Objective: To investigate whether herbal cake-separated moxibustion can activate nuclear factor erythroid 2-related factor 2 (Nrf2) / antioxidant responsive element (ARE) /hemeoxygenase-1 (HO-1) signaling pathway to repair aspirin induced gastric mucosal injury (GMI) in rats.

Methods: SD rats (half male and half female) were randomly divided into blank control, model, moxibustion, inhibitor of HO-1 (inhibitor), model+inhibitor, moxibustion + inhibitor groups, with 20 rats in each group. The GMI model was established by gavage of aspirin 150 mg/kg(1 mL/100 g). Herbal cake-separated moxibustion was alternatively applied to bilateral "Zusanli" (ST36) and "Zhongwan" (CV12) and bilateral "Pishu" (BL20) and "Weishu" (BL21) for 30 min, once daily for 8 days. The rats in the three inhibitor groups received intraperitoneal injection of HO-1 inhibitor zinc protoporphyrin (5 mg/kg). The rats' behavior score, emotional response score, skin hair score, diet score and stool state score were given. The GMI index was calculated according to Guth's methods. Histopathological changes of gastric mucosa were observed by H.E. staining. The activity of superoxide dismutase (SOD) and the content of malondialdehyde (MDA) in the gastric mucosal tissue and serum were detected by ELISA. The levels of Nrf2/ARE/HO-1 signaling pathway-related factors Keap1, Nrf2, HO-1, CAT, GST, and NQO1 in the gastric mucosal tissue were detected by quantitative real-time PCR and Western blot, separately.

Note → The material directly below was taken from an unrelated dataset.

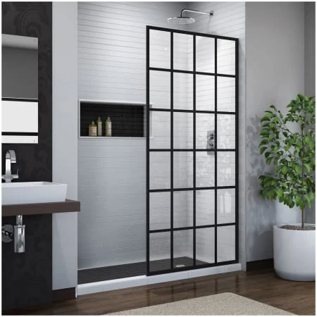 The DreamLine Toulon, part of the French Linea collection, is a single panel, walk-in shower design with a modern industrial touch to complement your shower space. The Toulon has a stylish window pane look, with a satin black finish that is bold and striking in any bathroom. The glass pattern is made using an application of JetGlaze durable paint, offering a unique style without the metal framing for easy maintenance. DreamLine exclusive ClearMax water repellant and stain resistant glass coating adds superior protection from stains and is nearly maintenance-free. Expand the possibility for efficient use of space with the bright and open design of a doorless shower with the DreamLine Toulon from the French Linea collection!

Results: Compared with the blank control group, the behavior score, emotional response score, skin hair score, diet score and stool state score, GMI index, MDA contents of gastric mucosal tissue and serum, expression le-vels of Keap1 mRNA and protein were significantly increased (P<0.01), while the activity of gastric mucosal and serum SOD, the expression levels of Nrf2, HO-1, CAT, GST and NQO1 mRNAs and proteins were considerably decreased (P<0.01) in the model group. Compared with the model group, moxibustion obviously reversed the increase of emotional response score, skin hair score, stool state score, GMI index, MDA levels of gastric mucosal tissue and serum, and expression levels of Keap1 mRNA and protein (P<0.01, P<0.05), and the decrease of activity of SOD of gastric mucosal and serum, and the expression levels of Nrf2, HO-1, CAT, GST and NQO1 mRNAs and proteins (P<0.01, P<0.05). After administration of antagonist of HO-1, the effects of moxibustion were eliminated or weakened pronouncedly in reducing skin hair score, GMI index, contents of gastric mucosal and serum MDA, and expression of Keap1 mRNA and protein, and in up-regulating gastric mucosal and serum SOD, and expression of HO-1, CAT, GST and NQO1 mRNAs and proteins (P<0.01, P<0.05).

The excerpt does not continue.